In 1875, he was appointed to the Bibliothèque Mazarine, where he was specially engaged in the compilation of an analytical catalogue from the year 1874. Meanwhile, Cahun had begun to publish a series of historical novels dealing with ancient history, in the style of the journeys of Anacharsis in Greece. They are said by one critic to be written in temperate and pure French, combining interest with genuine archeological knowledge. It was Cahun's intention to present facts of ancient history that were not generally known, and thus make contributions to general history and geography. These novels include: Les Aventures du Capitaine Magon, on Phoenician explorations one thousand years before the common era (Paris, Hachette, 1875); La Bannière Bleue, the adventures of a Muslim, a Christian, and a pagan at the time of the Crusades and the Mongolian conquest (ib. 1876); Les Pilotes d'Ango, dealing with French history in the sixteenth century (ib. 1878); Les Mercenaires, set during the Punic Wars (ib. 1881); Les Rois de Mer, on the Norman invasions (Chasavay, 1887); Hassan le Janissaire, on Turkish military life in the sixteenth century (crowned by the French Academy); La Tueuse, scenes from the Mongol invasion of Hungary in the thirteenth century (1893). Cahun contributed many literary articles to the Revue Bleue, Le Journal des Débats, etc., and several critical, geographical, and ethnographical papers to the Bulletin de la Société d'Ethnographie, Bulletin de la Société Académique Indo-Chinoise Bulletin de la Société Japonaise, Bulletin de la Société Americaine, Bulletin de l'Athénée Oriental, etc.
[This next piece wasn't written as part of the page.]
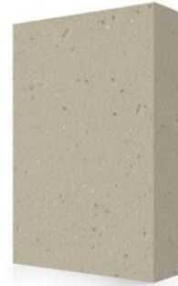
Vintage Concrete 7857
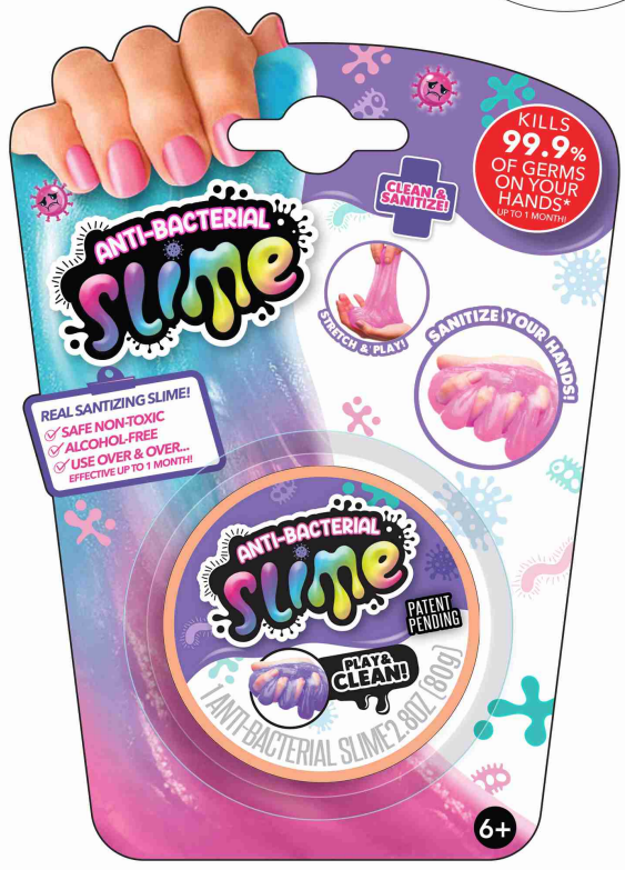
FRONT VIEW WITH CONTAINER STICKER

In 1878 Cahun set out on a fresh series of journeys accompanied by his wife. The two intrepid travelers visited the Syrian Coastal Mountain Range (1878), the Faroe Islands and Iceland (1879), and central Syria and Mesopotamia (1880). In 1879, the Tour du Monde published an account of his travels through Syria and the mountains of Ansairi there. He also issued a volume treating the same subject, entitled Excursions sur les Bords de l'Euphrate (Paris, 1884). His scholarly study of local customs, Scènes de la Vie Juive en Alsace, with preface by Zadoc Kahn, chief rabbi of Paris, appeared about the same time (ib. 1885). In 1884 he published Le Congo, la Véridique Description du Royaume Africain, Traduite pour la Première Fois en Français sur l'Edition Latine Faite par les Frères de Bry en 1598, d'Après les Voyages Portugais et Notamment Celui d'Edouard Lopez en 1578 (Brussels, 1884).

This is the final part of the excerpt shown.